A Short excerpt from The Reckoning. Unspoken, book 3

Alice. September 1940.

‘Don’t forget we’re all going to Old Jack Tanner’s funeral tomorrow. They’re having a special evening service to allow as many people as possible to pay their respects.’

‘I haven’t forgotten, Barney. It’s not often we get to say goodbye to a local hero.’

‘The funeral is taking place at six-thirty. It’s family only in the church but we’re all allowed to line the path from the lychgate to the front porch. I’ll be disappointed if we don’t get half the town turning out.’

I walked slowly back to the farmhouse, deep in thought. Old Jack had been almost eighty. He had part-owned a small fishing boat that was kept at Margate. During June, Jack and his younger brother, Cecil, answered the government call and had met up with the rest of Operation Dynamo’s little ships at Ramsgate where they sailed across the channel to Dunkirk to rescue our army that was  besieged there. Not satisfied with rescuing a dozen men, as soon as they had disembarked, he set off again to bring back another dozen, but on that trip, he caught a bullet in his back, a wound from which he never fully recovered.

On Wednesday evening, we arrived at the church to find hundreds of people lining the pavements waiting for the horse-drawn carriage carrying Old Jack’s coffin to arrive. Barney, Miriam, Stephen, Harriet and all of our remaining farm workers, found a place on the paved avenue that led from the lychgate to the church. By the time the hearse arrived, the crowd was three deep on either side of the path. We broke into spontaneous applause as Jack’s younger brother, Cecil, led Old Jack and his family down the hill towards the church. At the entrance, on either side, a dozen soldiers stood to attention and saluted as the coffin was carried in.

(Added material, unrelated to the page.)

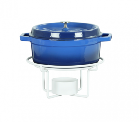 Juno Chafer Alternative, 12"dia x 7"H, white metal construction, fits a variety of pots or pans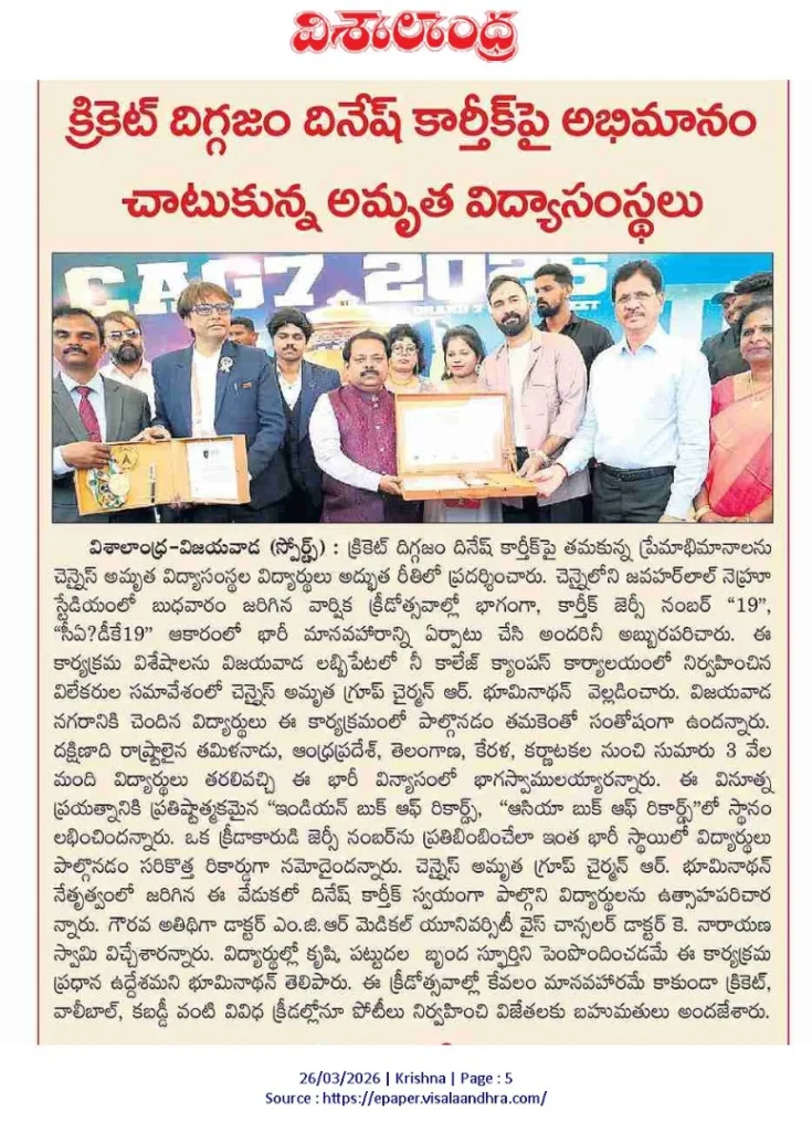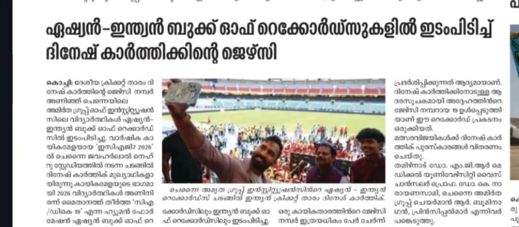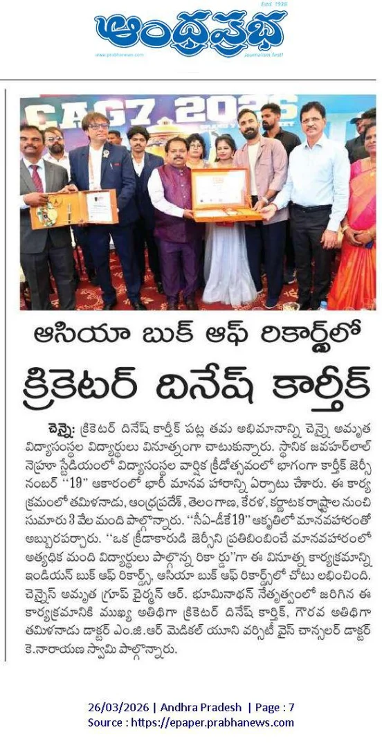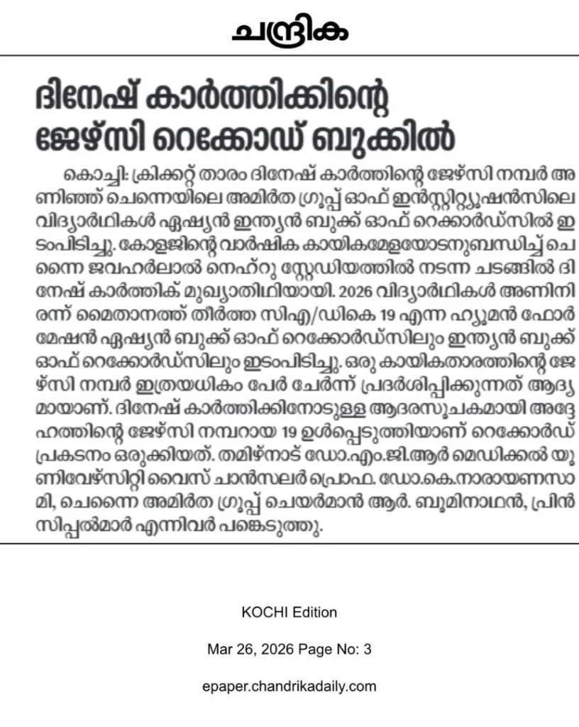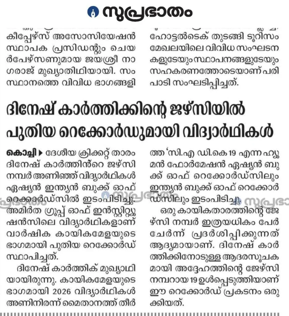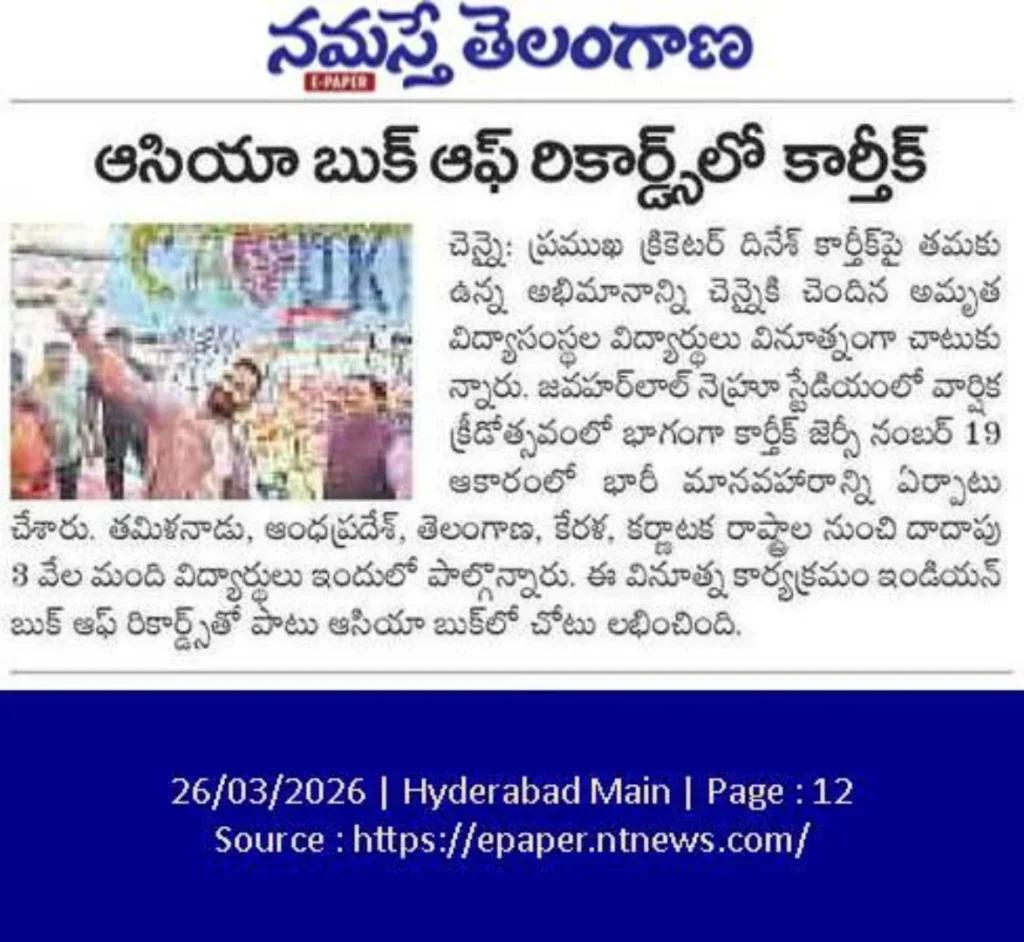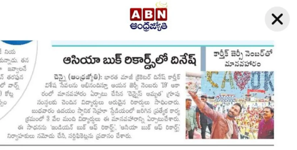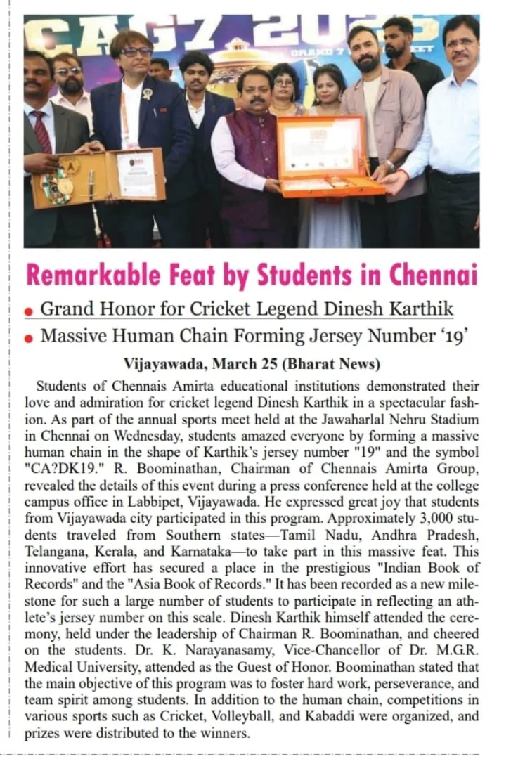 Over 3,000 students from Chennais Amirta institutions united to create a massive human formation reading “CA♡DK19,” honoring Dinesh Karthik’s iconic jersey number.

Forty minutes later, the soldiers saluted again as Jack was carried out. By now, as Barney had predicted, it seemed that half of the residents of the town were lining the pathway, or standing among the gravestones to see our own hero off.

No doubt, over the next few years, many a local hero will pass through the lychgate, or will be remembered in our prayers at the cenotaph on Armistice Day, but today was special, we buried our first.

I had managed to hold it together until, as the coffin passed us by, Stephen, our child evacuee, stood rigid and saluted as though the king himself was standing in front of him. I placed my hand on his back and wept as I thought about the fathers, husbands and sons that Old Jack had rescued and how grateful they and their families must be feeling to an old man who had done his bit. Then I thought about our farm’s own heroes, the lads who had signed up on the first day of war and had been sent off to fight and maybe die in some foreign land. We had heard nothing from any of them since July, when Benny’s pregnant wife received a heavily redacted letter, saying he was alive and well and looking forward to seeing us all again.

I’m not a particularly religious person, but as Old Jack’s coffin was lowered into his newly dug grave, I sent up a prayer to God, asking him to receive our hero into his care, then I begged him to ask his angels to keep an eye on our farm boys, wherever they were in the world.